- Born: 1983 (age 42–43) Dooradoyle, County Limerick, Ireland
- Occupations: radio and television broadcaster, podcaster

= Muireann O'Connell =

Irish broadcaster (born 1983)

Muireann O'Connell (born 1983) is an Irish radio and television broadcaster and podcaster from Dooradoyle, County Limerick, known for her work on Virgin Media Ireland and Today FM.

She has presented Ireland AM and The 6 O'Clock Show on Virgin Media One. She co-hosts a podcast, And Another Thing with comedian Emma Doran.

==Early life==
In her youth, O'Connell worked as staff in the Trinity Rooms nightclub in Limerick City.

==Career==
O'Connell started broadcasting with Limerick's Live 95FM and SPIN South West.

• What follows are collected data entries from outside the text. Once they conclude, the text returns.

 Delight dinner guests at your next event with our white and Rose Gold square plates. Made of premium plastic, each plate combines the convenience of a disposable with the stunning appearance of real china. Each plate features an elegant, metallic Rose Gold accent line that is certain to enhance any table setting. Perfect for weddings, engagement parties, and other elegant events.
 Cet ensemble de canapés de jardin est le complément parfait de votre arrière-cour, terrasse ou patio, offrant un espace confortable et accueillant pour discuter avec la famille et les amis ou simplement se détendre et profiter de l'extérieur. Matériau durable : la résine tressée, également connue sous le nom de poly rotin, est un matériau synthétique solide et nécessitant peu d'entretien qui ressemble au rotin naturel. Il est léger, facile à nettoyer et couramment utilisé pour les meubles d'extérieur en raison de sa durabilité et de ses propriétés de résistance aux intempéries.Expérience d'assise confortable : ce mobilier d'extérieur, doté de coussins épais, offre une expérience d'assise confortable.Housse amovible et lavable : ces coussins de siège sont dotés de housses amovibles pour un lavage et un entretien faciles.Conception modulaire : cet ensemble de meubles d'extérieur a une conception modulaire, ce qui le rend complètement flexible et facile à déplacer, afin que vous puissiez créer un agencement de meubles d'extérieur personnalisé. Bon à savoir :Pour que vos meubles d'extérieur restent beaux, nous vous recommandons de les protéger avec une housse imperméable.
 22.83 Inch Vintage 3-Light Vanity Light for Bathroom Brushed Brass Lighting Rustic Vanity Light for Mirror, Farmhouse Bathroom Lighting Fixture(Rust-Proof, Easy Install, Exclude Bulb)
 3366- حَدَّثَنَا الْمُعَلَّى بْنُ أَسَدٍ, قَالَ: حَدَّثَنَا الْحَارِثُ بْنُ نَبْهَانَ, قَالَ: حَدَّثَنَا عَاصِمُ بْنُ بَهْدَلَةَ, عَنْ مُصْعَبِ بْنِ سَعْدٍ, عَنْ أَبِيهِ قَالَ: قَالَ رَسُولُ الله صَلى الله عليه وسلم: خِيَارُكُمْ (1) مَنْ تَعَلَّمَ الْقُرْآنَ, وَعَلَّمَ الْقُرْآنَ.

She was announced as a presenter on Today FM in 2018, following the withdrawal from public life of Al Porter. She was replaced by former Ray Darcy Show producer Mairead Ronan in 2019.

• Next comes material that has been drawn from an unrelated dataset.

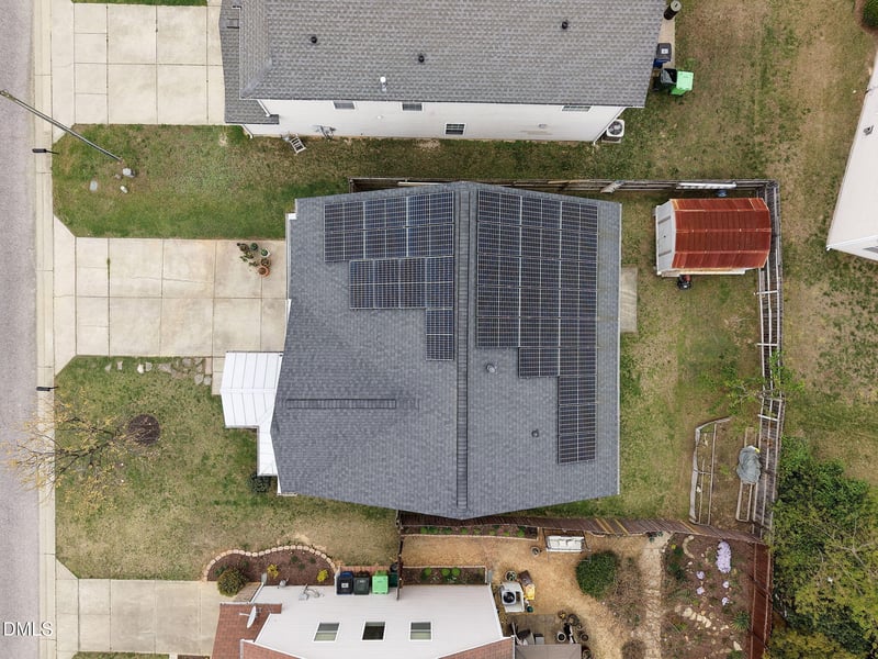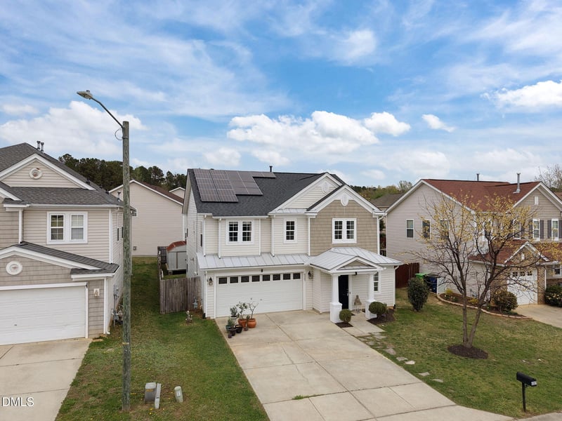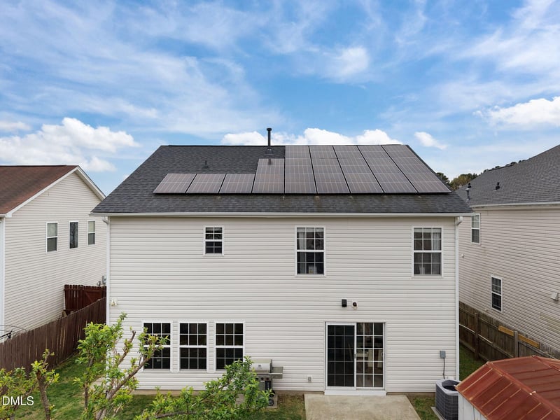 Listing details for 6307 Quitman Trl, Raleigh, NC 27610 : This appealing and energy-efficient two-story home comes equipped with solar panels, offering the new owners the advantage of reduced utility bills, with the seller covering their cost at closing. Upon entering, you'll notice an open floor plan with LVP flooring throughout both levels and a spacious family room featuring a cozy gas log fireplace. The kitchen is fitted with stainless steel appliances, a modern backsplash, Silestone Quartz countertops, and a striking 11-foot island. All bedrooms and the laundry room are conveniently situated upstairs. The master suite, sized at 16 by 16 feet with tray ceilings, includes a luxurious bathroom with an oval soaking tub and a separate shower. Outside, you can enjoy a backyard enclosed by a six-foot privacy fence and a sizable storage shed. The roof was updated three years ago with architectural shingles, and the water heater was replaced in 2020. This home is truly a must-see.
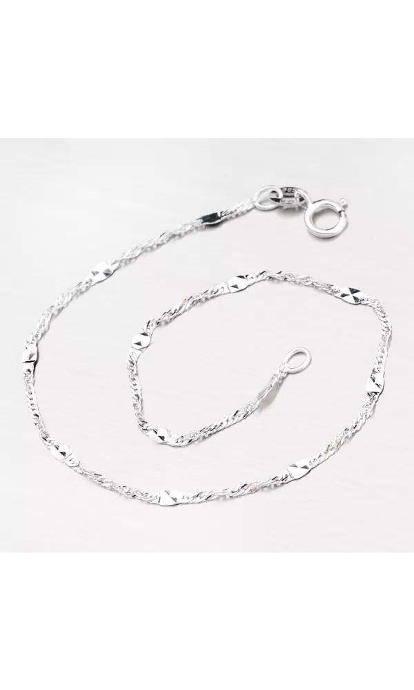 Táto veľmi zaujímavá retiazka je vyrobená z bieleho štrnástich karátového zlata s rýdzosťou 585/1000 a zaujme svojimi plieškami, ktoré sú povrchovo upravené lesklými facetami robenými za pomoci diamantového hrotu. Originálne spracovanie Vás neprestane baviť. Táto retiazka sa stane obľúbeným šperkom, ktorý nebudete chcieť zložiť. Retiazka sa zapína na bezpečnú karabínu.

She co-hosted The 6 O'Clock Show with Ray Foley and then Martin King from 2017 to 2021.

After The 6 O'Clock Show, she moved to Ireland AM.

==Personal life==
O'Connell went to school at Crescent College in Limerick. As of 2023, O'Connell was engaged to a man not in the public eye.
O'Connell has spoken publicly of her wish not to have children.